### Task statement
For the records below, copy exactly the span that begins at the line containing "Tabitha Page, Licensed" and stops after the line containing "Modern fit. Short", minus any pictures.
+===+
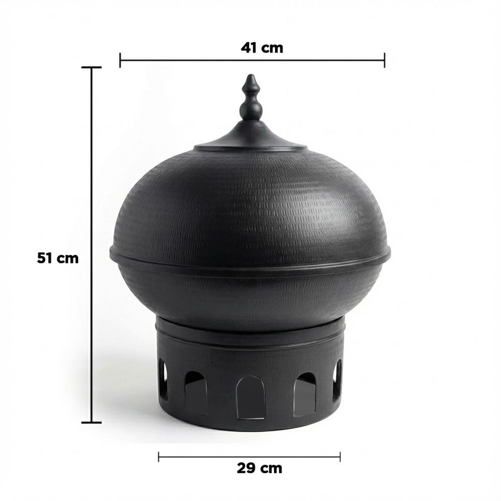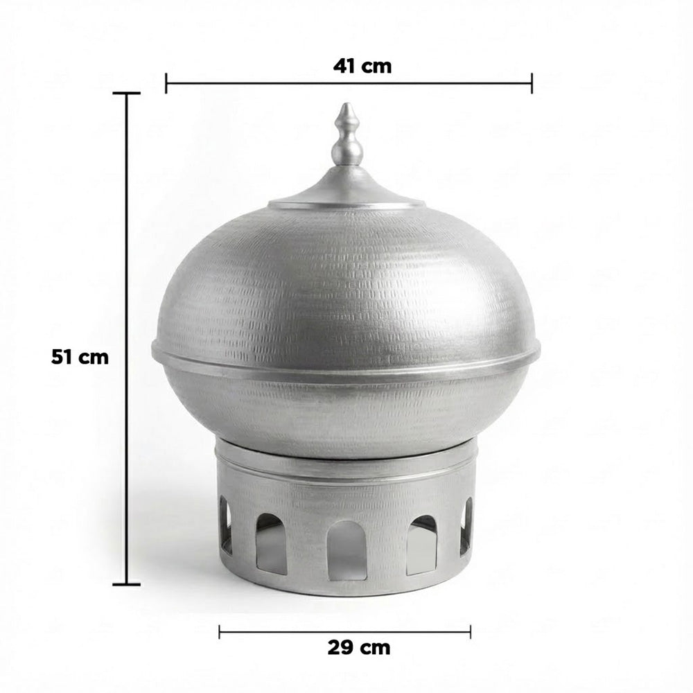 بأبعاد إجمالية تبلغ 51 سم ارتفاعًا، و41 سم قطرًا من الأعلى، و29 سم قطرًا من القاعدة، تُعد هذه المدفأة الحرارية مثالية لتقديم الأرز، والبرياني، والكاري، والشوربات، واليخنات، والأطباق الرئيسية في التجمعات. يضمن الوعاء الداخلي القابل للإزالة المصنوع من الفولاذ المقاوم للصدأ ملامسة الطعام بشكل صحي، بينما تتسع الحجرة السفلية لشمعة أو موقد وقود لتوزيع الحرارة بشكل متساوٍ.
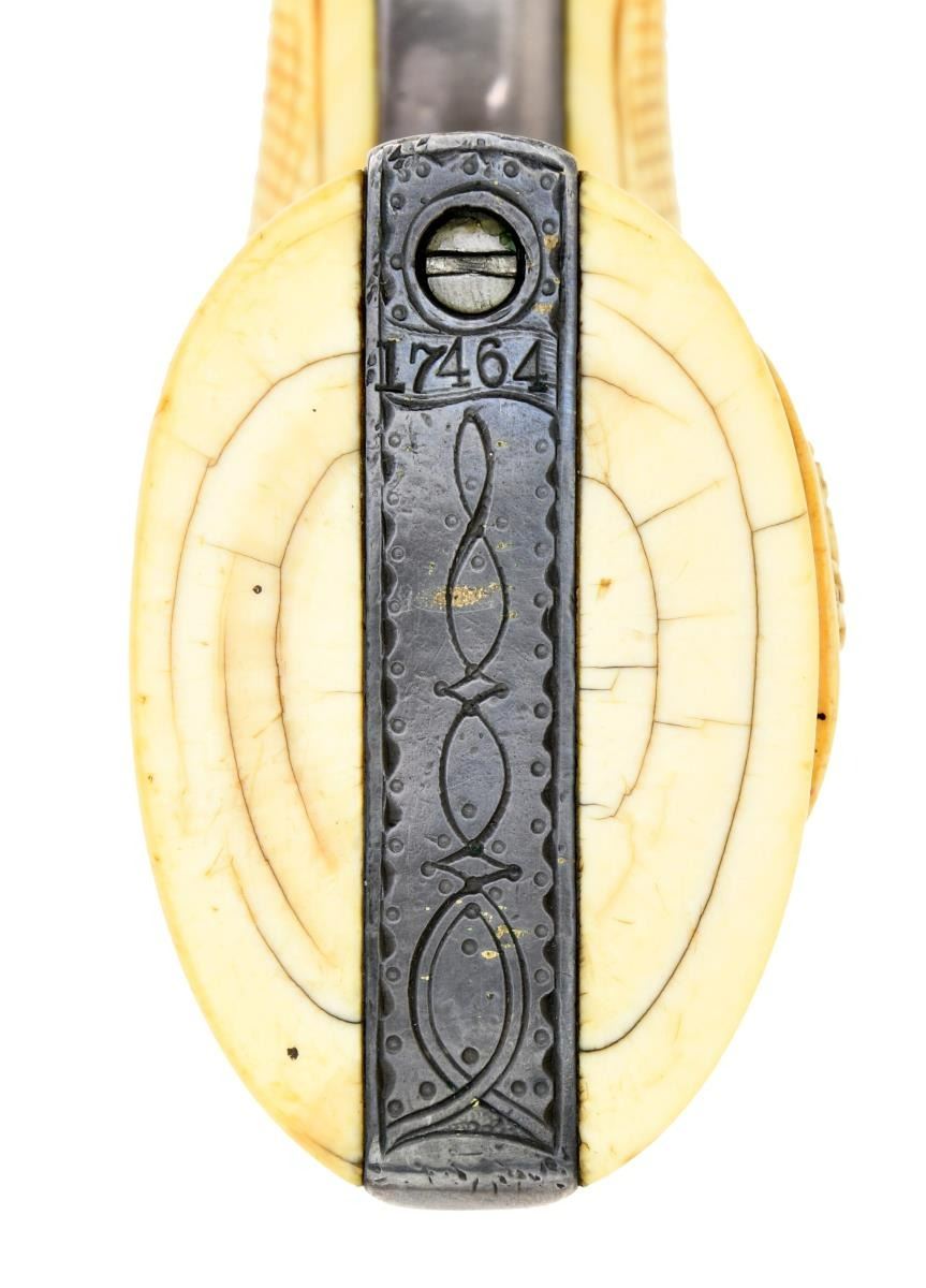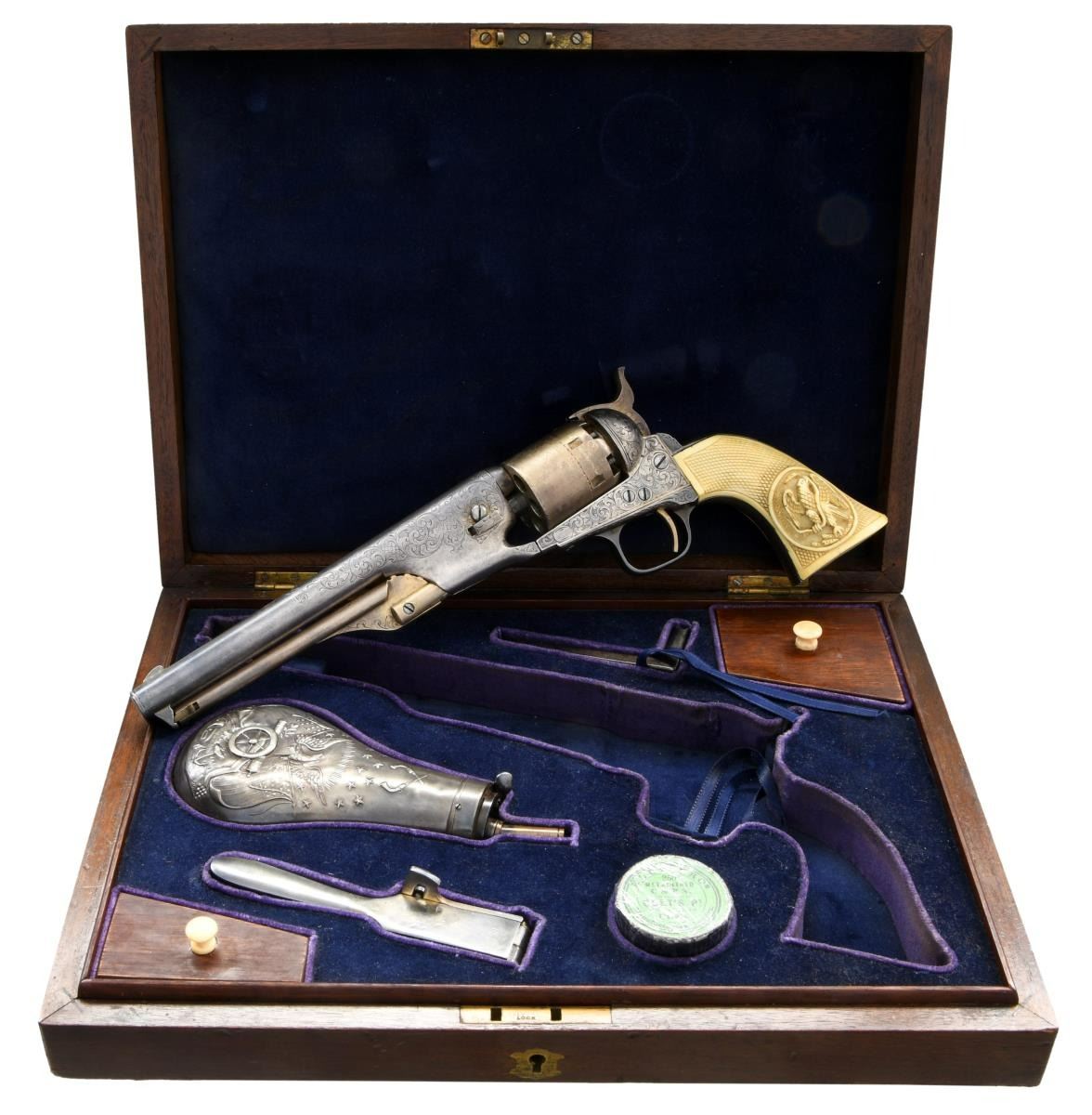 It is mounted with fine 1-piece checkered & carved Mexican eagle grips. According to consignor, an attributed gun S# 17452 from a Santa Anna descendant was discovered about the same time as this revolver in California with nearly identical engraving and same wear. So, it is now thought that these two guns were made as a pair. That revolver was in the Calvin Patrick collection, but it must have been sold before his death when his collection was sold at Burley auctions in 2017. This revolver is finely scroll engraved in the Nimschke style, gold and silver plated, later cased in French fitted mahogany casing with original silver plated eagle & panoply of arms powder flask, silver plated 2-cavity mold, sealed pack of “COL COLT’S REVOLVING BELT PISTOL” combustible cartridges, green label cap tin, pewter oiler, and “L” shaped Colt combination tool.
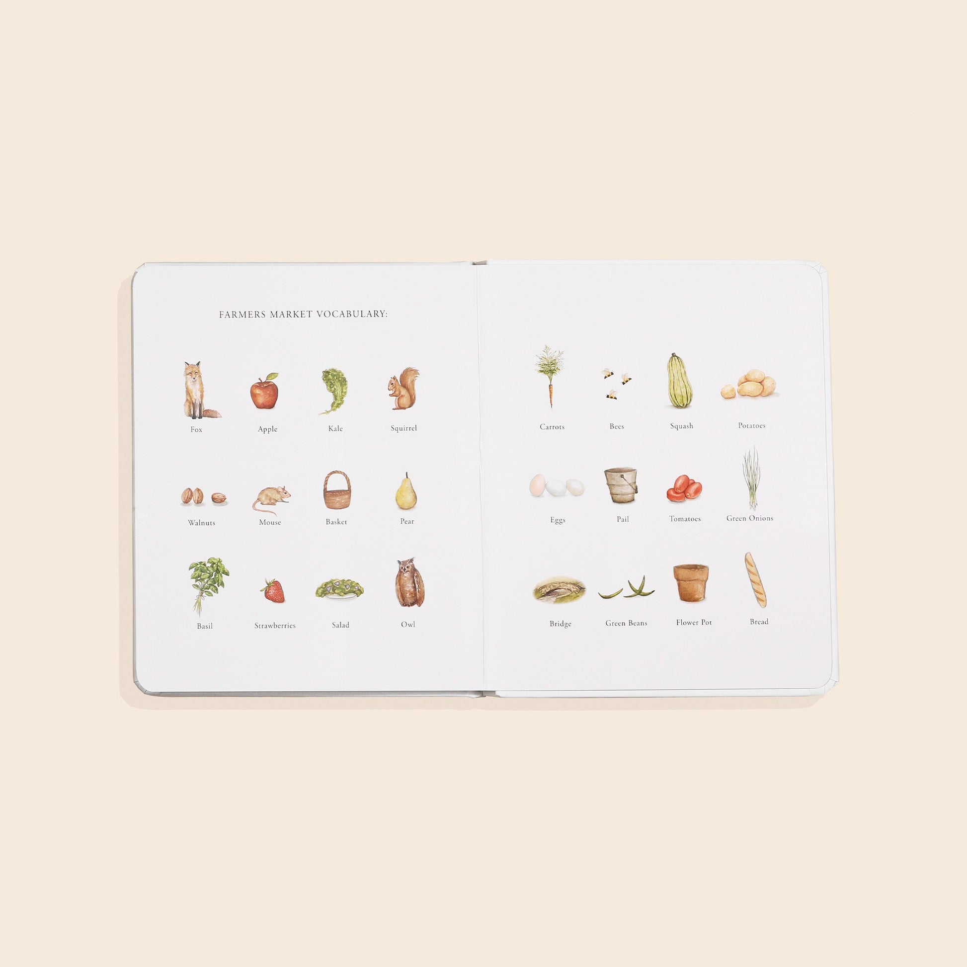 Tabitha Page, Licensed Speech Pathologist and Watercolor Artist, takes you and your child on a trip to the Farmers Market with Little Fox as he gathers his favorite fruits and vegetables.
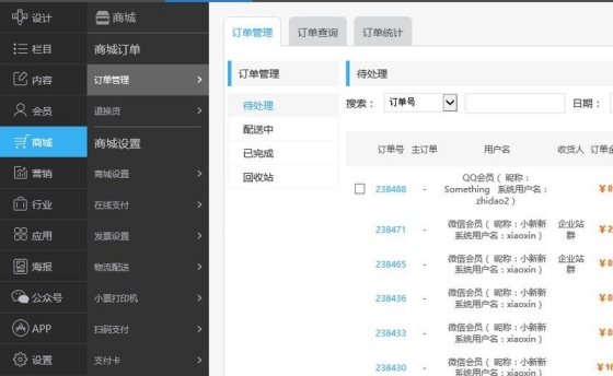 功能说明 订单管理功能是为了处理订单,让后台的管理者方便的来管理商品的订单,把订单聚在一起进行统一管理,让会员用户方便查看处理自己的订单。使商家和买家通过这个功能来实时了解订单的状态。功能目标 1、管理者方便管理查看订单 2、会员方便查看操作自己的订单,来进行和商家沟通交流。功能特点 方便快捷,实时高效的来对订单进行处理。场景应用 网站购物。操作说明 1、点击微商城,订单管理。如图手机端入口--微商城--订单管理 2、管理员订单管理 订单管理中包含未处理订单、配送中的订单、已完成的订单
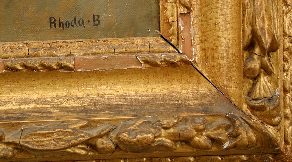MARE & FOAL O/C: Signed LR RHODA B., possibly Irish in origin, 17'' x 22'', encased in an earlier gilded frame with wear and missing gesso, 24 1/2'' x 29 1/2''.
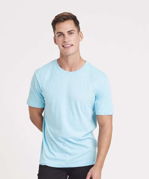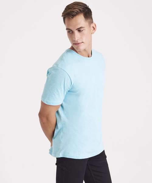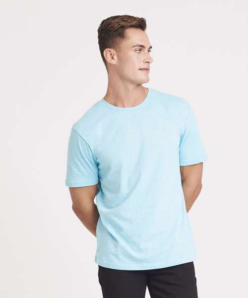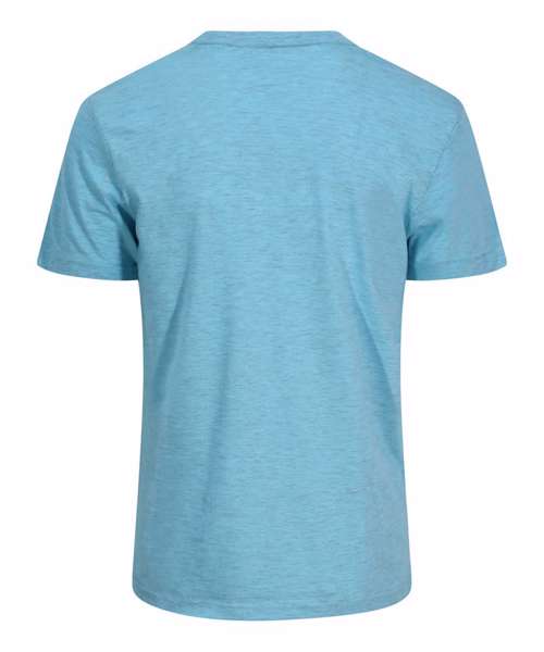 Modern fit. Short sleeves. Ribbed crew neck style with taped back neck. Twin-needle stitching detail on sleeve and bottom hem.
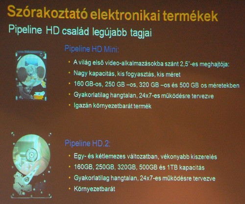 A Momemtus sorozata notebookokba készült, ennek tagjai 5400 rpm-es és 7200 rpm-es verzióban is elérhetőek. Ezek szabadesésszenzorral is fel vannak szerelve. Szórakoztatóelektronikai vonalon újdonság a Pipeline HD szériája, amiket főleg a videostreamek kiszolgálására fejlesztettek ki. A HDD-k 2,5"-ös (HD Mini) és 3,5"-os (HD 2) méretben is elérhetőek, 160 GB-tól 1 TB-os kapacitásig. Asztali környezetbe Barracuda sorozatát ajánlja a gyártó. Ezek a 12. generációs készülékek 1 TB, 1,5 TB és 2 TB tárhellyel kaphatók, 5900 fordulat per perces sebességgel működnek, ám mindössze 2 bel erősségű hangot adnak ki. A Seagate előadásán a másik újdonságot a cég dokkolói jelentették. A FreeAgent család három tagja a Go Dock, Dock+ és a Star típusok. Az eszközökre kötött winchesterek megoszthatók az interneten, így bárhonnan elérhetővé válnak, tehát egyfajta szerverként is üzemeltethetjük. Említés esett még a Replicáról is, ami az Apple TimeMachine-jához hasonlan adatmentésre használható. USB portra kötve gombnyomásra ment le mindent, akár több számítógépről is egy Replica készülékre. A BlackArmor ennek az 50 darab számítógépet is kezelő, nagyobb változata akár 8 TB tárhellyel.
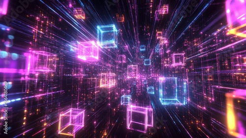 cube, neon, digital, abstract, three-dimensional, render, glowing, geometric, shape, space, technology, future, datum, network, cyberspace, light, colours, purple, pink, blue, orange, line, motion, energy, dynamic, vibrant, art, graphic, design, illustration, background, texture, pattern, visual, effect, science fiction, fantasy, virtual, reality
+===+
### Result of the exercise
 Tabitha Page, Licensed Speech Pathologist and Watercolor Artist, takes you and your child on a trip to the Farmers Market with Little Fox as he gathers his favorite fruits and vegetables.
 功能说明 订单管理功能是为了处理订单,让后台的管理者方便的来管理商品的订单,把订单聚在一起进行统一管理,让会员用户方便查看处理自己的订单。使商家和买家通过这个功能来实时了解订单的状态。功能目标 1、管理者方便管理查看订单 2、会员方便查看操作自己的订单,来进行和商家沟通交流。功能特点 方便快捷,实时高效的来对订单进行处理。场景应用 网站购物。操作说明 1、点击微商城,订单管理。如图手机端入口--微商城--订单管理 2、管理员订单管理 订单管理中包含未处理订单、配送中的订单、已完成的订单
MARE & FOAL O/C: Signed LR RHODA B., possibly Irish in origin, 17'' x 22'', encased in an earlier gilded frame with wear and missing gesso, 24 1/2'' x 29 1/2''.
 Modern fit. Short sleeves. Ribbed crew neck style with taped back neck. Twin-needle stitching detail on sleeve and bottom hem.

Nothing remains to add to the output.